Na última segunda-feira (6), o Waves publicou a matéria sobre um surfista que entrou na Justiça e teve seu pedido negado para surfar em meio às medidas sanitárias impostas no município por causa da pandemia de Covid-19.

O surfista em questão era o advogado catarinense Juliano Schwinden Lückmann, que entrou em contato com a redação do Waves e falou sobre o que motivou a tentar este inédito Habeas Curpus Preventivo.

Confira a resposta de Juliano Schwinden Lückmann:

Meu interesse maior com o Habeas Curpus Preventivo foi debater a questão constitucional dos Decretos editados pelo Governo de Santa Catarina, na medida em foram lavrados termos circunstanciados contra surfistas. Tenho plena consciência da necessidade do distanciamento social, da gravidade da Pandemia de Corona Vírus.

Porém, busquei a reflexão quanto o direito de ir e vir (art. 5º, XV, CF) e, não obstante, sobre a importância da prática de esportes também durante o Pandemia (ao ar livre, mantendo o respeito ao distanciamento), inclusive refletindo sobre a opinião do maior surfista da história (Kelly Slater).

Ainda quanto e, não menos relevante, encontra-se em debate uma proibição estadual sobre área de marinha (competência constitucional exclusiva da União Federal) e o fato do governo federal não ter declarado estado de sítio (arts. 137 e 139, CF).
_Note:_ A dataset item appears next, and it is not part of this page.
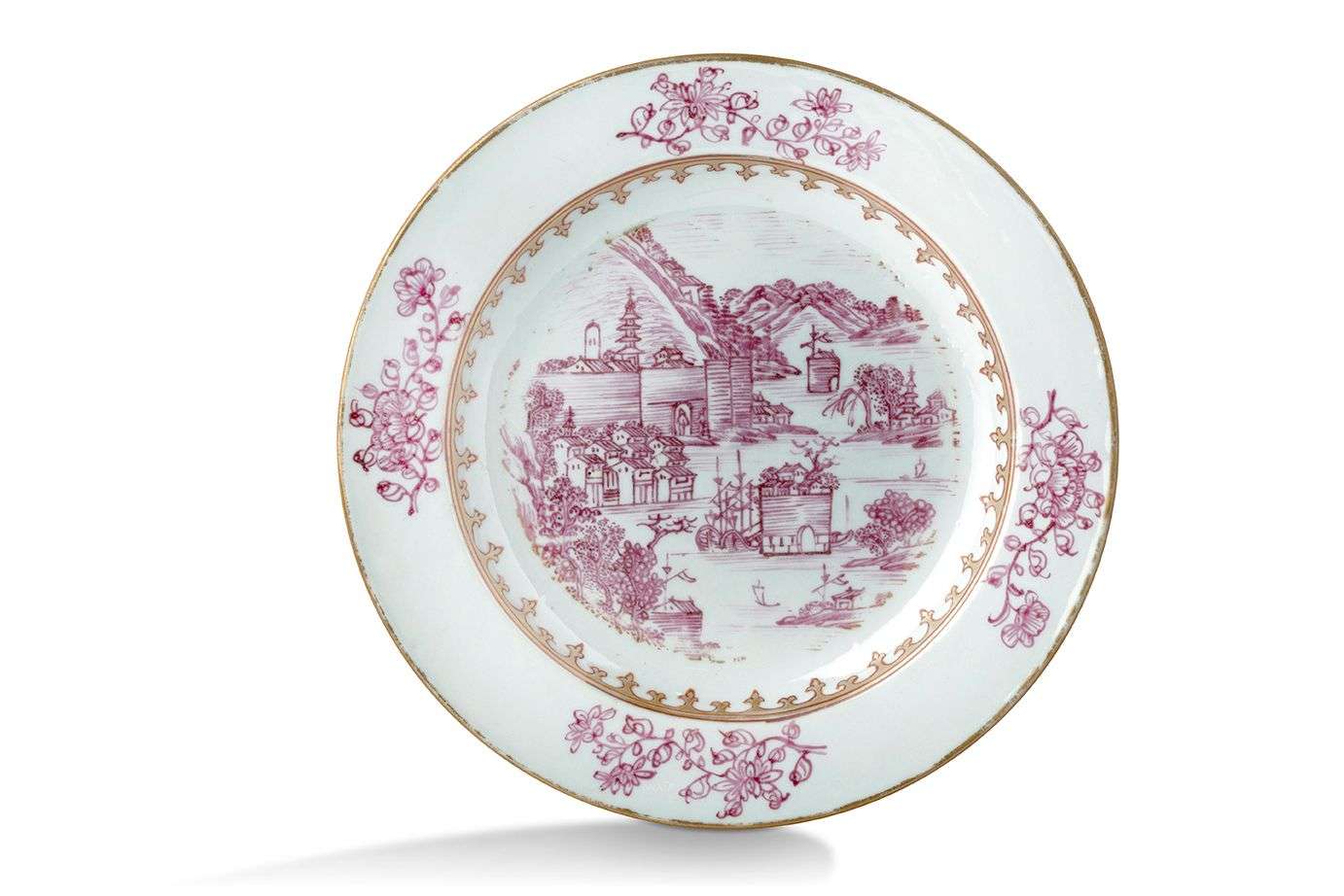 En porcelaine émaillée carmin et rehauts d'or décorée d'une vue du port de Canton.

Na minha avaliação a competência para proibir a permanência é exclusiva da União (art. 20, CF) e não do Estado de Santa Catarina.

Desta forma, vejo como importante o debate acerca da questão, por se tratar de circunstâncias constitucionais e respeito as decisões. Agradeço a quem tem interesse em debater a questão de forma ampla, jurídica e respeitosa. Espero sinceramente que esse difícil período de pandemia seja superado, que a doença seja combatida, que os hospitais sejam aparelhados.

Ontem estava lendo o “Diário de Anne Frank”, escrito entre 12 de junho de 1942 e 1º de agosto de 1944 e que, infelizmente, não sobreviveu ao Holocausto (recomendo a todos) e de lá extrai a seguinte frase: “O papel tem mais paciência que as pessoas”. – Juliano Schwinden Lückmann.